Stored data entries:
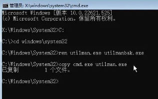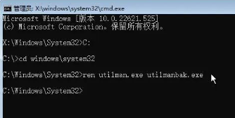 ③接著輸入ren utilman.exe utilmanbak.exe回車
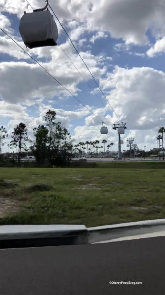 Disney World’s newest transportation option, the Disney Skyliner System, has been testing gondolas on the lines over the past couple of weeks. Now, it looks like they are testing the system at full capacity and speed near the Hollywood Studios Skyliner Station.
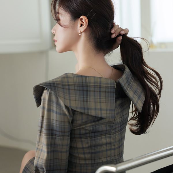 都市 格子 学院风 褶皱 弹力 连衣裙
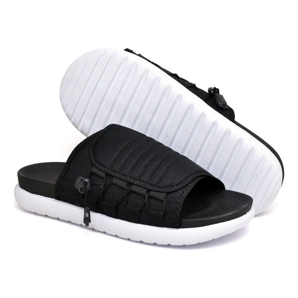 Chinelo Masculino Asuna Slide - Preto/Branco O Asuna Slide é o chinelo ideal para quem busca conforto, estilo e praticidade no dia a dia. Com um design moderno e urbano, ele combina uma palmilha super macia com um sistema de ajuste exclusivo que garante firmeza e adaptação ao pé. Destaques do produto: Conforto premium: Palmilha em espuma macia que proporciona amortecimento a cada passo. Ajuste personalizado: Sistema de amarração com cordão elástico e trava, oferecendo ajuste seguro e estiloso. Solado robusto: Solado com ranhuras profundas para tração em diferentes superfícies e visual moderno. Versatilidade: Ideal para uso pós-treino, no dia a dia ou em momentos de lazer. Seja na cidade, na praia ou em casa, o Asuna Slide oferece um visual contemporâneo e a confiabilidade que você procura. Cor: Preto com solado branco Material: Têxtil com solado em borracha Categoria: Chinelo Slide Masculino 👉 Garanta já o seu e leve o máximo de estilo e conforto para seus pés! Tabela de Tamanhos (Masculino): Tamanho 37 — 24,5 cm Tamanho 38 — 25,0 cm Tamanho 39 — 25,5 cm Tamanho 40 — 26,5 cm Tamanho 41 — 27,0 cm Tamanho 42 — 27,5 cm Tamanho 43 — 28,5 cm Tamanho 44 — 29,0 cm Como medir: Coloque o pé sobre uma folha, marque do calcanhar até a ponta do dedo mais longo e meça com uma régua. Compare com os valores acima para escolher o tamanho ideal.
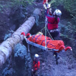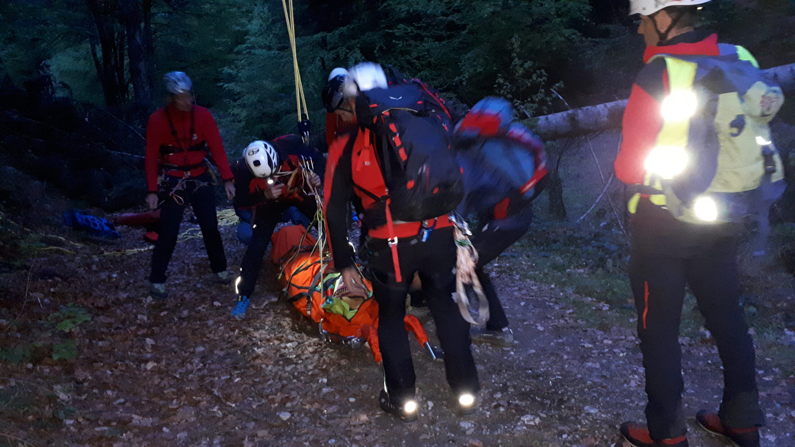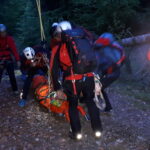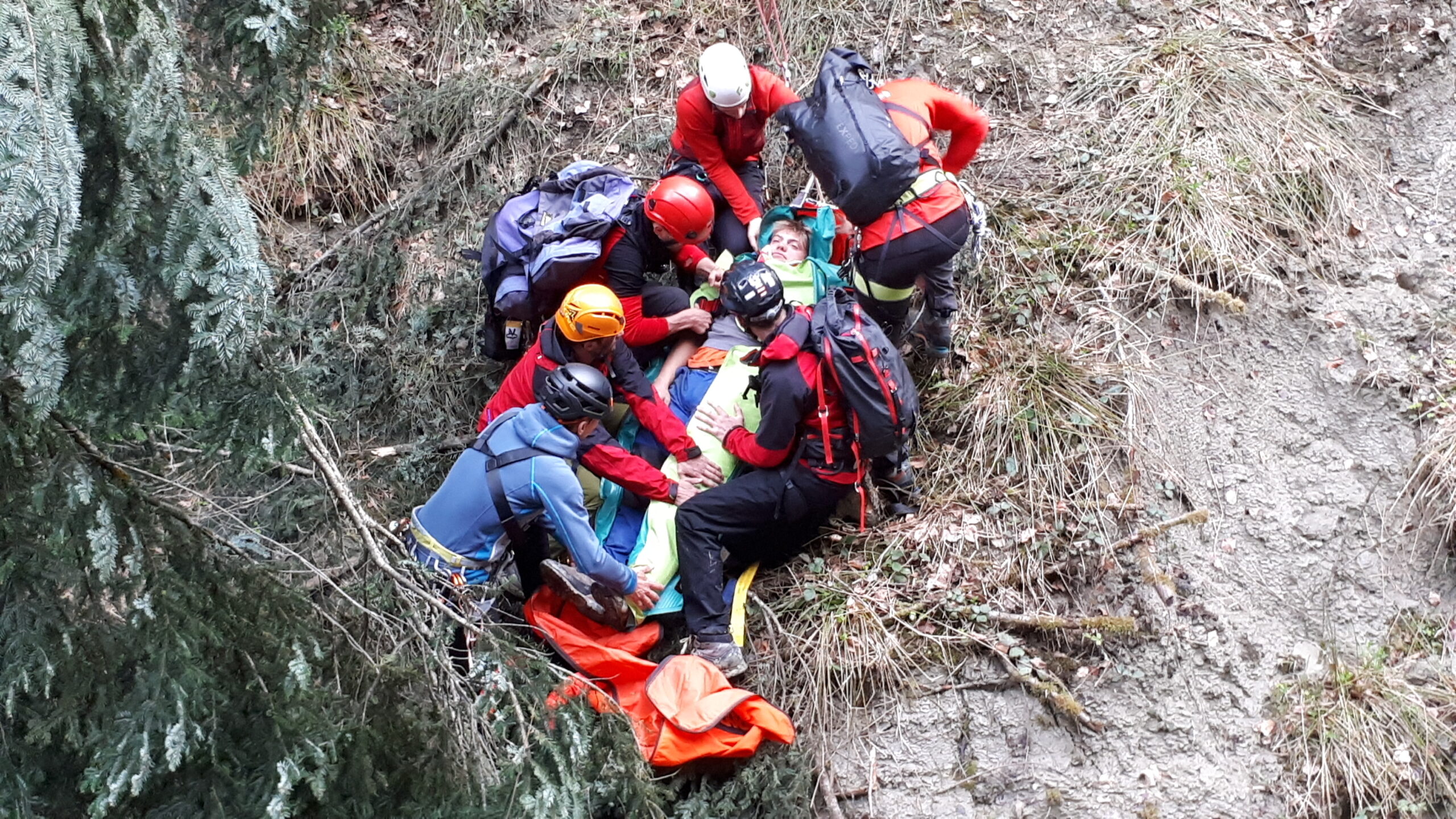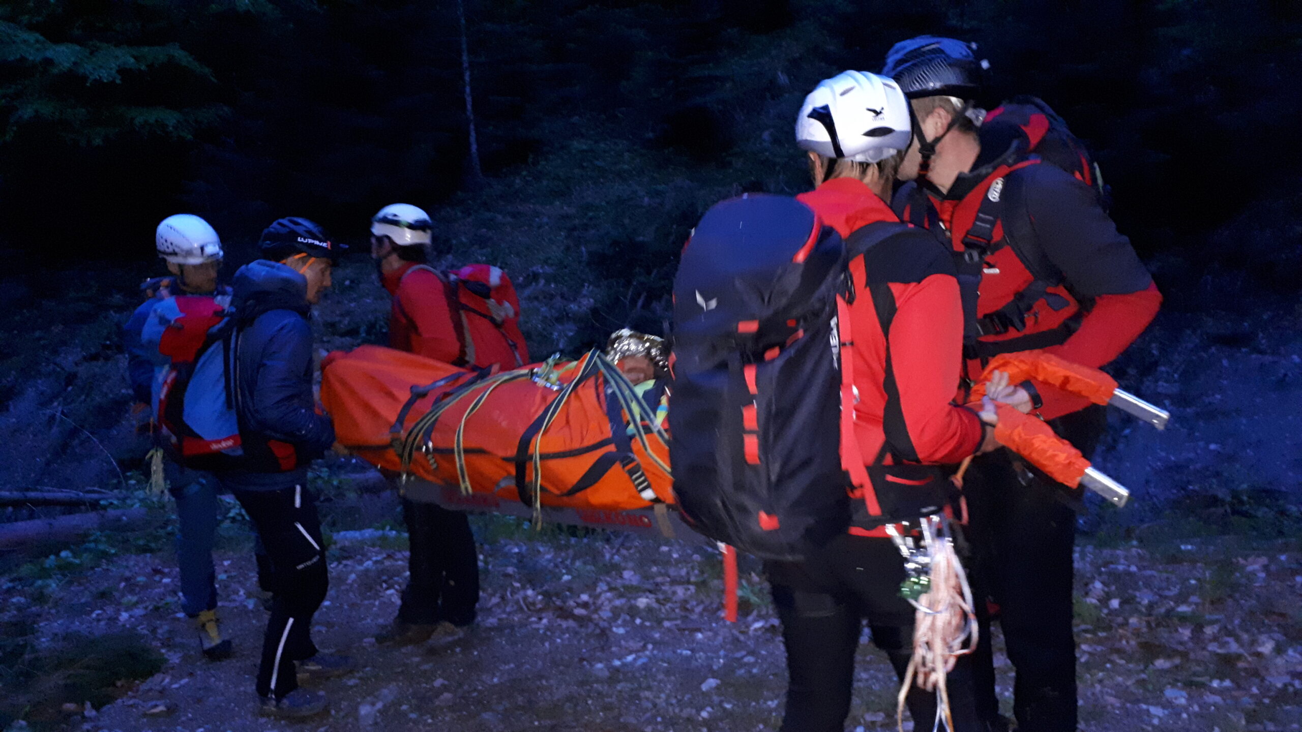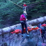 „Schwer verletzter Forstarbeiter in unwegsamen Gelände im Bereich des Farbentales in Fritzens.“ Nach dem schneereichen Winter, der in unseren Wäldern viele Bäume zum Umknicken gebracht hatte, eine durchaus realistische Unfallannahme, die sich unser Ausbildungsteam für uns Mitglieder ausgedacht hat. Es muss ja nicht immer ein Unfall im Hochgebirge sein. Nachdem unser „Opfer“ an einem schwer zugänglichen Platz in einem Graben in Bachnähe lag, entschlossen wir uns zur Bergung mit der Seilbahn. Auf beiden Seiten des Grabens eine stabile Verankerung an einem ausgewachsenen Baum, das Dyneema-Seil gespannt und schon konnte es losgehen. Der Retter wird an den gespannten Seilen mittels Rolle bis über den Verletzten gebracht und punktgenau abgelassen. Nachdem der Verletze fachgerecht versorgt und in der Gebirgstrage verpackt war, geht es an die Bergung, die das eingespielte Team in kurzer Zeit abschließen konnte. Nachdem das Opfer wieder auf sicherem Boden war, erfolgte der weitere Abtransport mit der Gebirgstrage mit Rad. Das war dann schon Routine für uns.“
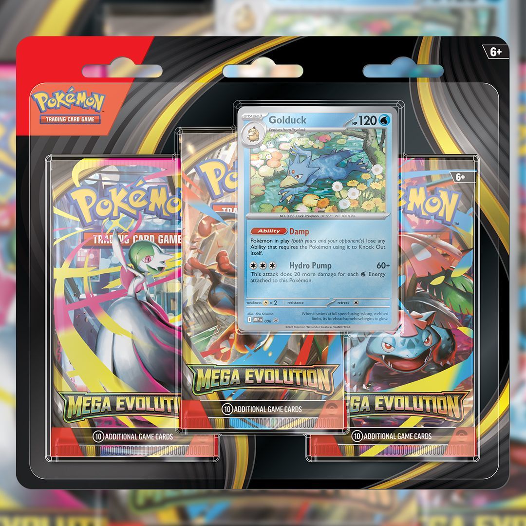 Striving to become stronger, Pokémon of all types are putting everything on the line to become Mega Evolution Pokémon ex! Harness the strong aura of Mega Lucario ex, embrace the overflowing power of Mega Gardevoir ex, and team up with more of these powerful Pokémon that boast devastating attacks and massive HP. But consider your strategy carefully—extra power brings extra risks! Choose your Pokémon partners and prepare for the biggest battles you’ve ever seen in the Pokémon TCG: Mega Evolution expansion!
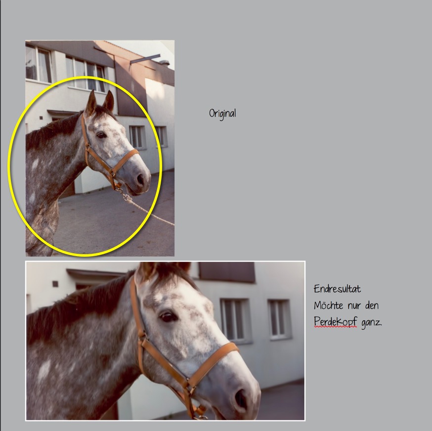 Re: Bild an Rahmengrösse anpassenDer Pferdekopf, so wie Du ihn möchtest, geht entweder mit einer runden (oder ovalen) Maske oder einfach (nahezu) quadratisch, aber niemals in so einem Format, wie Du es darstellst. Du müsstest sonst den Pferdekopf verzerren, das würde aber seltsam aussehen. Warum möchtest Du denn das Foto so breit und mit so wenig Höhe haben? Hat das einen besonderen Grund?
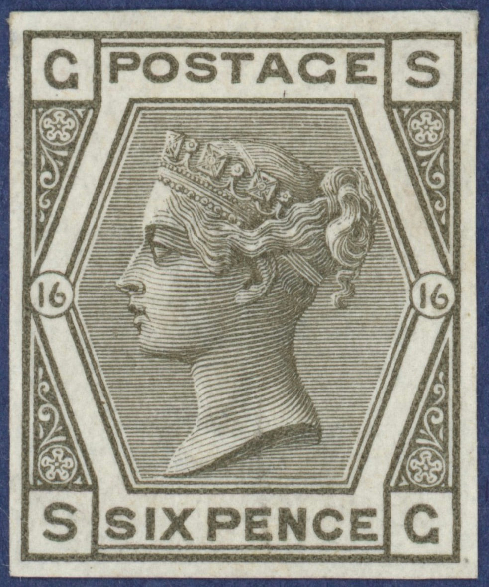 Great Britain 1878 6d grey Plate 16 imprimatur, SG147var
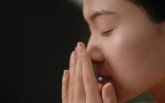 두 손바닥을 얼굴 가까이
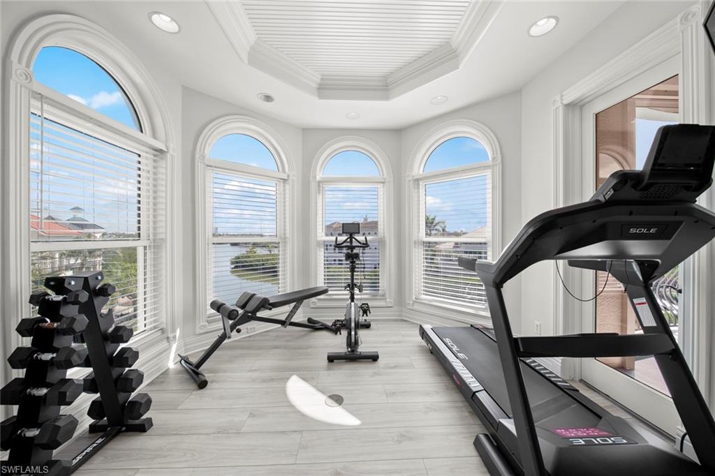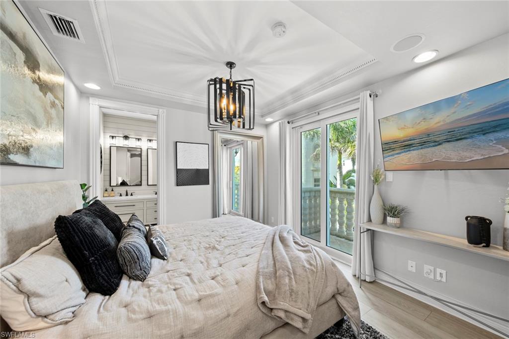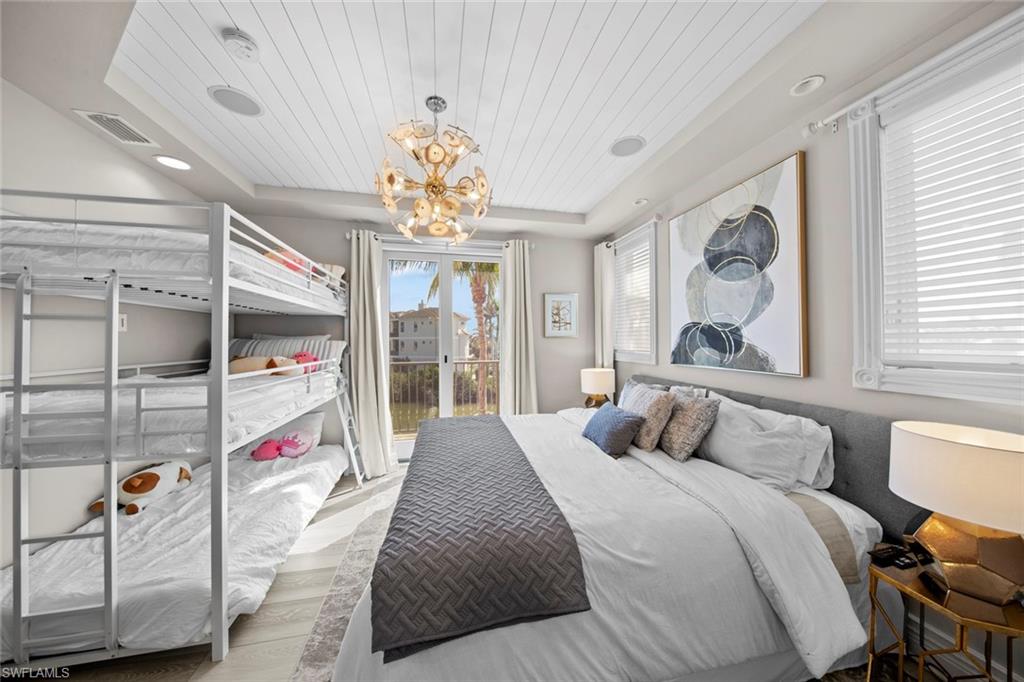 This magnificent waterfront residence epitomizes luxury and offers an exceptional coastal lifestyle and features 4 bedrooms plus den and 7 bathrooms. The standout feature is undoubtedly the vast 1,200 square foot roof deck, ideal for entertaining or simply enjoying the water views. Ascending to the fifth level via the elevator leads to a stunning garden area designed for both relaxation and social gatherings. Equipped with a fully stocked bar, generous seating options, built-in umbrellas, and a Sonos sound system throughout the property, it's a perfect setting for hosting up to 35 guests under the stars. The primary suite radiates opulence and comfort, featuring dual walk-in closets, a coffee bar for convenience, and a flexible area that can serve as an exercise room or study, providing a peaceful sanctuary within the home. The elevator connecting the ground floor to the roof deck adds an element of ease for both owners and guests. Each of the three guest bedrooms is equipped with its own ensuite bathroom, ensuring privacy and comfort for visitors. A striking spiral staircase enhances the architectural elegance of the home, leading from the ground level to the roof deck. The three-car garage, newly updated with an epoxy floor, along with additional parking space in front of each garage door, ensures plenty of room for vehicles and storage. Beautiful ceiling details throughout the home reflect the high level of craftsmanship and meticulous attention to detail that characterizes this beautifully renovated property. The home is conveniently located just a short stroll from popular beachfront venues like Doc's on the Beach, Coconut Jack's, and The Fish House, allowing residents to immerse themselves in the lively coastal ambiance. The updated pool and deck area, enhanced by a panoramic window screen enclosure, presents a serene view of the bay, along with boat lifts and Jet Ski docks, creating an idyllic outdoor retreat for leisure and enjoyment. Numerous covered seating arrangements offer ample space for soaking in the waterfront scenery. The modern quartz kitchen, with captivating views of the bay, offers a delightful backdrop for meal preparation, turning cooking into an enjoyable experience. This waterfront property encapsulates the essence of coastal luxury, offering an extraordinary blend of sophistication, practicality, and stunning vistas, promising an unparalleled living experience by the sea!

__Exercise prompt__. What's needed here is an exact repeat of all the records above, pictures excluded.

__Task answer__.
 ③接著輸入ren utilman.exe utilmanbak.exe回車
 Disney World’s newest transportation option, the Disney Skyliner System, has been testing gondolas on the lines over the past couple of weeks. Now, it looks like they are testing the system at full capacity and speed near the Hollywood Studios Skyliner Station.
 都市 格子 学院风 褶皱 弹力 连衣裙
 Chinelo Masculino Asuna Slide - Preto/Branco O Asuna Slide é o chinelo ideal para quem busca conforto, estilo e praticidade no dia a dia. Com um design moderno e urbano, ele combina uma palmilha super macia com um sistema de ajuste exclusivo que garante firmeza e adaptação ao pé. Destaques do produto: Conforto premium: Palmilha em espuma macia que proporciona amortecimento a cada passo. Ajuste personalizado: Sistema de amarração com cordão elástico e trava, oferecendo ajuste seguro e estiloso. Solado robusto: Solado com ranhuras profundas para tração em diferentes superfícies e visual moderno. Versatilidade: Ideal para uso pós-treino, no dia a dia ou em momentos de lazer. Seja na cidade, na praia ou em casa, o Asuna Slide oferece um visual contemporâneo e a confiabilidade que você procura. Cor: Preto com solado branco Material: Têxtil com solado em borracha Categoria: Chinelo Slide Masculino 👉 Garanta já o seu e leve o máximo de estilo e conforto para seus pés! Tabela de Tamanhos (Masculino): Tamanho 37 — 24,5 cm Tamanho 38 — 25,0 cm Tamanho 39 — 25,5 cm Tamanho 40 — 26,5 cm Tamanho 41 — 27,0 cm Tamanho 42 — 27,5 cm Tamanho 43 — 28,5 cm Tamanho 44 — 29,0 cm Como medir: Coloque o pé sobre uma folha, marque do calcanhar até a ponta do dedo mais longo e meça com uma régua. Compare com os valores acima para escolher o tamanho ideal.
 „Schwer verletzter Forstarbeiter in unwegsamen Gelände im Bereich des Farbentales in Fritzens.“ Nach dem schneereichen Winter, der in unseren Wäldern viele Bäume zum Umknicken gebracht hatte, eine durchaus realistische Unfallannahme, die sich unser Ausbildungsteam für uns Mitglieder ausgedacht hat. Es muss ja nicht immer ein Unfall im Hochgebirge sein. Nachdem unser „Opfer“ an einem schwer zugänglichen Platz in einem Graben in Bachnähe lag, entschlossen wir uns zur Bergung mit der Seilbahn. Auf beiden Seiten des Grabens eine stabile Verankerung an einem ausgewachsenen Baum, das Dyneema-Seil gespannt und schon konnte es losgehen. Der Retter wird an den gespannten Seilen mittels Rolle bis über den Verletzten gebracht und punktgenau abgelassen. Nachdem der Verletze fachgerecht versorgt und in der Gebirgstrage verpackt war, geht es an die Bergung, die das eingespielte Team in kurzer Zeit abschließen konnte. Nachdem das Opfer wieder auf sicherem Boden war, erfolgte der weitere Abtransport mit der Gebirgstrage mit Rad. Das war dann schon Routine für uns.“
 Striving to become stronger, Pokémon of all types are putting everything on the line to become Mega Evolution Pokémon ex! Harness the strong aura of Mega Lucario ex, embrace the overflowing power of Mega Gardevoir ex, and team up with more of these powerful Pokémon that boast devastating attacks and massive HP. But consider your strategy carefully—extra power brings extra risks! Choose your Pokémon partners and prepare for the biggest battles you’ve ever seen in the Pokémon TCG: Mega Evolution expansion!
 Re: Bild an Rahmengrösse anpassenDer Pferdekopf, so wie Du ihn möchtest, geht entweder mit einer runden (oder ovalen) Maske oder einfach (nahezu) quadratisch, aber niemals in so einem Format, wie Du es darstellst. Du müsstest sonst den Pferdekopf verzerren, das würde aber seltsam aussehen. Warum möchtest Du denn das Foto so breit und mit so wenig Höhe haben? Hat das einen besonderen Grund?
 Great Britain 1878 6d grey Plate 16 imprimatur, SG147var
 두 손바닥을 얼굴 가까이
 This magnificent waterfront residence epitomizes luxury and offers an exceptional coastal lifestyle and features 4 bedrooms plus den and 7 bathrooms. The standout feature is undoubtedly the vast 1,200 square foot roof deck, ideal for entertaining or simply enjoying the water views. Ascending to the fifth level via the elevator leads to a stunning garden area designed for both relaxation and social gatherings. Equipped with a fully stocked bar, generous seating options, built-in umbrellas, and a Sonos sound system throughout the property, it's a perfect setting for hosting up to 35 guests under the stars. The primary suite radiates opulence and comfort, featuring dual walk-in closets, a coffee bar for convenience, and a flexible area that can serve as an exercise room or study, providing a peaceful sanctuary within the home. The elevator connecting the ground floor to the roof deck adds an element of ease for both owners and guests. Each of the three guest bedrooms is equipped with its own ensuite bathroom, ensuring privacy and comfort for visitors. A striking spiral staircase enhances the architectural elegance of the home, leading from the ground level to the roof deck. The three-car garage, newly updated with an epoxy floor, along with additional parking space in front of each garage door, ensures plenty of room for vehicles and storage. Beautiful ceiling details throughout the home reflect the high level of craftsmanship and meticulous attention to detail that characterizes this beautifully renovated property. The home is conveniently located just a short stroll from popular beachfront venues like Doc's on the Beach, Coconut Jack's, and The Fish House, allowing residents to immerse themselves in the lively coastal ambiance. The updated pool and deck area, enhanced by a panoramic window screen enclosure, presents a serene view of the bay, along with boat lifts and Jet Ski docks, creating an idyllic outdoor retreat for leisure and enjoyment. Numerous covered seating arrangements offer ample space for soaking in the waterfront scenery. The modern quartz kitchen, with captivating views of the bay, offers a delightful backdrop for meal preparation, turning cooking into an enjoyable experience. This waterfront property encapsulates the essence of coastal luxury, offering an extraordinary blend of sophistication, practicality, and stunning vistas, promising an unparalleled living experience by the sea!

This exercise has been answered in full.